# TASK BRIEF:
Check the entries below for lines with "Mary"; report only how many there are.

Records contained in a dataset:
────────
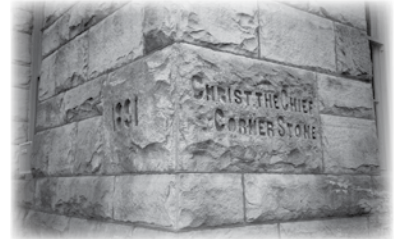
OWU Slocum Library Cornerstone
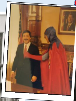
Captain Energy And Iowa Governor Terry Branstad
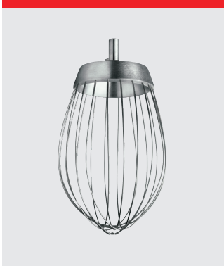
Whip with double pin, with thinner wires, stainless steel
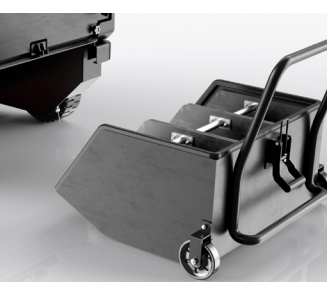
Wheeled hopper with optional mini containers
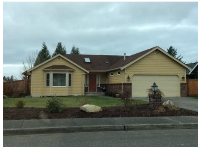
Grade 7/ Year Built 1997/ Total Living Area 1850
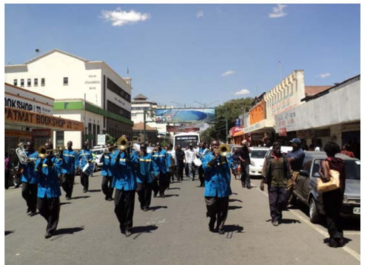
The Nakuru Brass Band leads the IAT Nakuru staff in a Procession during the campus launch.
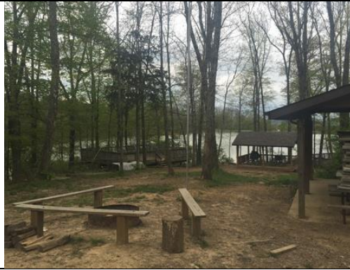
Stuart A & B: A- 36 people/18 tents (15 on 2 deck platforms); B- 24 people/ 12 tents (8 on 1 deck platform)
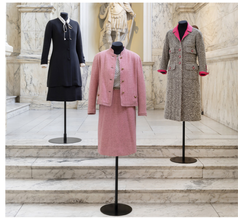
Gabrielle Chanel. Fashion Manifesto at the Victoria and Albert Museum, London, 16 September 2023 – 25 February 2024. Presented in partnership with Palais Galliera, Fashion Museum of the City of Paris, Paris Musées. With the support of CHANEL
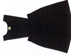
Girl's Winter Dress
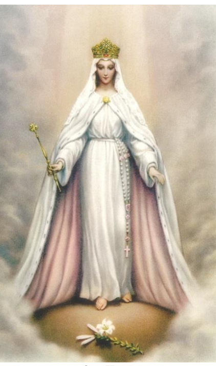
Our Hope Mary Immaculate Queen of the Universe

Our Father, Hail Mary and Glory be three times. An indulgence of 500 days. A plenary indulgence on the usual conditions, if this prayer is repeated with devotion every day for a month.
────────
# THE COMPLETED TASK:
2